Джон Голсуорси. Собрание сочинений в 16 томах. Том 8
Шрифт:

— Хотите сигару?

По смуглому лицу старика скользнула улыбка.

— Да как сказать, я их ведь никогда и не курил, — ответил он, — но отчего бы и не попробовать?

— Берите, — сказал Феликс, перекладывая ему в карман все содержимое своего портсигара. — Выкурите одну, захочется еще. Они недурны.

— Ну да, — сказал старик, — еще бы!

— До свидания. Надеюсь, нога у вас поправится.

— Спасибо, сэр. До свидания, спасибо.

На углу Феликс обернулся: старик продолжал стоять посреди безлюдной улицы.

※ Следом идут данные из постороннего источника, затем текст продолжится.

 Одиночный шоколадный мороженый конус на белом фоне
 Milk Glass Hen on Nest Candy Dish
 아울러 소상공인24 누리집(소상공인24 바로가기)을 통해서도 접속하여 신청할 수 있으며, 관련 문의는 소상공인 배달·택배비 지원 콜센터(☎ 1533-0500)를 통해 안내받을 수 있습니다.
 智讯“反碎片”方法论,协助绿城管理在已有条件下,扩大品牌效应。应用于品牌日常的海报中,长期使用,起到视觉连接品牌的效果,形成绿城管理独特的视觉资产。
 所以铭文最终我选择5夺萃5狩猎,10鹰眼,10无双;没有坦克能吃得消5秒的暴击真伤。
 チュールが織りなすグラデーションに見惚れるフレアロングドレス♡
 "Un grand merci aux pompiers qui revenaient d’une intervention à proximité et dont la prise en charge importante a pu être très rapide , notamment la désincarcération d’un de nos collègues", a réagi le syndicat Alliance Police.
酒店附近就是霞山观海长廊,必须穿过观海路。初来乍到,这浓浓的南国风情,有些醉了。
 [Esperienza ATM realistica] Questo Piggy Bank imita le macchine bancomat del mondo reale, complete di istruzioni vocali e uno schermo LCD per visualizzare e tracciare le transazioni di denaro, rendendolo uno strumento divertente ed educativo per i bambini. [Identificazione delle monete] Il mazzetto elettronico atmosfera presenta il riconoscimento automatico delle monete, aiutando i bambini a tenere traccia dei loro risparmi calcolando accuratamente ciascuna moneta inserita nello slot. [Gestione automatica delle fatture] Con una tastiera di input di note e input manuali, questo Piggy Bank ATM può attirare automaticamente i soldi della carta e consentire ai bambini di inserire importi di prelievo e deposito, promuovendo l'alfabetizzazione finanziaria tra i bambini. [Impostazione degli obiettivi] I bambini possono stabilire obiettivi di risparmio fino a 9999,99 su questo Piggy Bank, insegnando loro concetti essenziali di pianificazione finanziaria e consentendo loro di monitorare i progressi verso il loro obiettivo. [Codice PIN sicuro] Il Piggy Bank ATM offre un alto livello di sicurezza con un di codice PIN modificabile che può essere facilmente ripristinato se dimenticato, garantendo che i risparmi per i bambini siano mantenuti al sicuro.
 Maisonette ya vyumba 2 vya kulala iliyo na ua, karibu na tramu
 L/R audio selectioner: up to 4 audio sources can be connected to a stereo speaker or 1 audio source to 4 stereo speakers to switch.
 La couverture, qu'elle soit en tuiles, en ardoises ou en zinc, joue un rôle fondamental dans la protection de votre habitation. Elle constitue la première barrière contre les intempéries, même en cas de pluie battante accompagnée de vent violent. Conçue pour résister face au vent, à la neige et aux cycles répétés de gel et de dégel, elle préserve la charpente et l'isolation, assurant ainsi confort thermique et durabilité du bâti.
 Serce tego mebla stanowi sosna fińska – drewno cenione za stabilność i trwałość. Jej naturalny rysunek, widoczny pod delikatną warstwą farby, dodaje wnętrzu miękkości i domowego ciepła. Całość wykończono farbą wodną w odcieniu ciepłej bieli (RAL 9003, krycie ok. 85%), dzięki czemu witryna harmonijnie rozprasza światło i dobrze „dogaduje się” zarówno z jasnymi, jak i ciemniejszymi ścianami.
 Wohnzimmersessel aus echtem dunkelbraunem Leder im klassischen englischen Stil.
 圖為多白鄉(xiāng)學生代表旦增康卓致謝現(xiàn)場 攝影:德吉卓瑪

Сегодня из Лондона должна была вернуться его мать, и Феликс обещал ее встретить. До прихода поезда оставалось еще два часа, их надо было как-то провести, и, миновав дом мистера Погрема, Феликс свернул на тропинку, которая вела через клеверное поле, и вскоре присел отдохнуть на ступеньку перелаза. Сидя на окраине города, который возник благодаря его прадеду, Феликс погрузился в мысли. Больше всего он размышлял о старике, с которым только что разговаривал; само провидение послало ему этого человека: ведь это отличный прототип для «Последнего Пахаря». Поразительно, что старик говорит о своей любви к земле, на которой он проработал

в поте лица своего лет шестьдесят, получая в неделю несколько шиллингов, — на них ведь даже не купишь сигар, которые он сунул ему сегодня в рваный карман. Да, это поразительно. Но, в конце концов, разве земля — это не радость для души? День ото дня меняется она на ощупь и на глаз, меняется самый воздух над ней и даже ее запах. Вот она, эта земля, с мириадами цветов и крылатых тварей, — неустанная и величественная поступь времен года. Весна приносит радость молодых побегов, у нее тоскующее, дикое, неспокойное от ветра сердце; мерцание и песни, цветущие деревья и облака, короткие, светлые дожди; маленькие, повернутые к солнцу листы радостно трепещут; из-под каждого деревца и травки выглядывает что-то живое. А потом лето. Ах, лето, когда на могучих старых деревьях лежит неторопливый свет долгого дня, а прелесть лугов, многоголосица жизни и запах цветов одурманивают бегущие часы, пока избыток тепла и красоты не перебродит в темную страсть! Тогда наступает конец. Идет осень в зрелой красе полей и лесов; золотые мазки на буках; багровые пятна рябины: ветви яблонь отягощены грузом плодов, а голубое, как лен, небо почти сливается с туманом от земли; стада пасутся в медлительной золотистой тишине; ни дуновения ветра, чтобы унести голубоватые дымки над сжигаемым бурьяном, а на полях все недвижно. Кому захочется нарушить этот безмятежный покой? А зима! Просторные дали, долгие ночи, но зато какой тончайший узор ветвей: розовые, пурпурные, фиолетовые оттенки на голых стволах в рано темнеющем небе! Быстрый черный росчерк птичьих крыльев на беловато-сером небосводе. Не все ли равно, какое время года сжимает в объятиях эту землю, которая породила нас всех?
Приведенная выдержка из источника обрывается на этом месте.